Монахов взял листок. Лёнечка сжался в тихий комок. Монахов пробежал глазами, что-то зазнобило в спине, защипало в глазах, текст поплыл, Монахов снова навес на фокус – крупным деревенским почерком было написано вот что:
Эта женщина недописана,
Эта женщина недолатана,
Этой женщине…
Строчки покачивались, легко вбегая в мысленный слух Монахова; он их с удовольствием не все понимал…
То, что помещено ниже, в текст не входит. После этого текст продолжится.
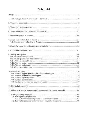 Spis treści Wstęp …............................................................................................................................ 5 1. Terminologia. Podstawowe pojęcia i definicje …......................................................... 6 2. Turystyka a rekreacja ….............................................................................................. 12 3. Turystyka i krajoznawstwo …..................................................................................... 14 4. Turyzm i turystyka w badaniach naukowych …......................................................... 15 5. Historia turystyki w Europie ….................................................................................. 16 6. Zarys dziejów turystyki w Polsce …........................................................................... 21 6.1. Historia przewodnictwa w Polsce …................................................................... 33 7. Z dziejów turystyki po śląskiej stronie Sudetów ….................................................... 35 8. Czynniki rozwoju turystyki ….................................................................................... 45 9. Walory turystyczne ..................................................................................................... 49 9.1. Walory wypoczynkowe ....................................................................................... 50 9.2. Walory poznawcze (krajoznawcze) ..................................................................... 51 9.2.1. Walory przyrodnicze ......................................................................................... 51 9.2.2. Walory kulturowe ............................................................................................. 52 9.2.3. Walory krajobrazowe ........................................................................................ 55 9.3. Walory specjalistyczne ........................................................................................ 56 10. Funkcje turystyki ...................................................................................................... 56 10.1. Funkcja wypoczynkowa, zdrowotno-rekreacyjna ............................................. 57 10.2. Funkcja poznawczo-edukacyjna ........................................................................ 57 10.3. Funkcja wychowawcza ...................................................................................... 58 10.4. Funkcja ekonomiczna ........................................................................................ 58 10.5. Funkcja urbanizacyjna (miastotwórcza) ............................................................ 59 11. Dysfunkcje turystyki ................................................................................................. 60 12. Odporność środowiska przyrodniczego na oddziaływanie turystyki ....................... 64 13. Rodzaje i formy turystyki ......................................................................................... 64 13.1. Turystyka wypoczynkowa ................................................................................. 66 13.1.1. Współczesna organizacja i formy wypoczynku .................................... 67 13.2. Turystyka leczniczo-uzdrowiskowa i turystyka medyczna ............................... 68 13.3.Agroturystyka .................................................................................................. 70 13.4. Turystyka morska .......................................................................................... 71 13.5. Tury styka poznawcza .................................................................................... 73 13.6. Turystyka kwalifikowana-turystyka aktywna ................................................. 74 13.6.1.Turystyka piesza ................................................................................... 74 13.6.2. Turystyka narciarska............................................................................. 75 13.6.3. Jeździectwo i turystyka konna............................................................... 73 13.6.4. Turystyka i rekreacja na wodach śródlądowych: wioślarstwo i kajakarstwo ...................................................................................... 79 13.6.5. Turystyka kolarska ................................................................................. 80 13.6.6. Turystyka motorowa .............................................................................. 83 13.6.7. Turystyka żeglarska ............................................................................... 84 13.6.8. Turystyka campingowa i caravaning ..................................................... 85 13.6.9. Turystyka przygodowa .......................................................................... 86 13.6.9.1.Tramping ................................................................................. 86 13.6.9.2. Treking .................................................................................... 87 13.6.9.3. Surwiwal(Survival) ................................................................. 87 13.6.9.4. Turystyka podwodna ............................................................... 87 13.7. Inne formy turystyki kwalifikowanej ................................................................ 88 14. Inne rodzaje turystyki ............................................................................................... 90 14.1. Turystyka pielgrzymkowa ............................................................................... 90 14.2. Turystyka etniczna............................................................................................ 93 14.3. Turystyka kongresowa i turystyka biznesowa ................................................. 94 14.4. City breaks- turystyka weekendowa w metropoliach ...................................... 95 15. Wiązane z turystyką formy rekreacji w otwartej przestrzeni (outdo

Вот сидит она, непричастная,
Непричесанная – нет ведь надобности.
И рука ее не при часиках,
И лицо ее…
Вдруг понятен стал Монахову наговор – и он все понимал.
Что мне делать с ней, отлюбившему,
Отходившему к бабам…
– Ну-ну! – ласково усмехнулся взволнованный Монахов.
Подарить на грудь бусы лишние?
– Ах! – охнул Монахов и от наслаждения пропустил следующую строчку.
Ничего-то в ней не раскается,
Ничего-то в ней не разбудится,
Отвернет лицо, сгонит пальцы.
Незнакомо-страшно напудрится.
Монахов это увидел, полный восторг владел им.
Я приеду к ней как-то пьяненький,
Завалюсь во двор, стану стекла бить…
Монахов почти плакал, последние строчки неотчетливо плавали в его глазах и вдруг кончились.
– Потрясающе! – сказал он.
Лёнечка был более смущен, чем польщен.
– Вы печатаетесь? – стыдливо спросил Монахов.
– Не, меня никогда не станут печатать.
– М-да, – сказал Монахов. – У нас ничего не осталось?
– Тс-с! – сказал Лёнечка, покосившись на лежавшую к стенке Наталью, и приложил палец к губам с видом плута. Он прокрался на четвереньках, порылся за шкафом под шкурой и приполз с бутылкой “краски” в руке и папиросиной за ухом.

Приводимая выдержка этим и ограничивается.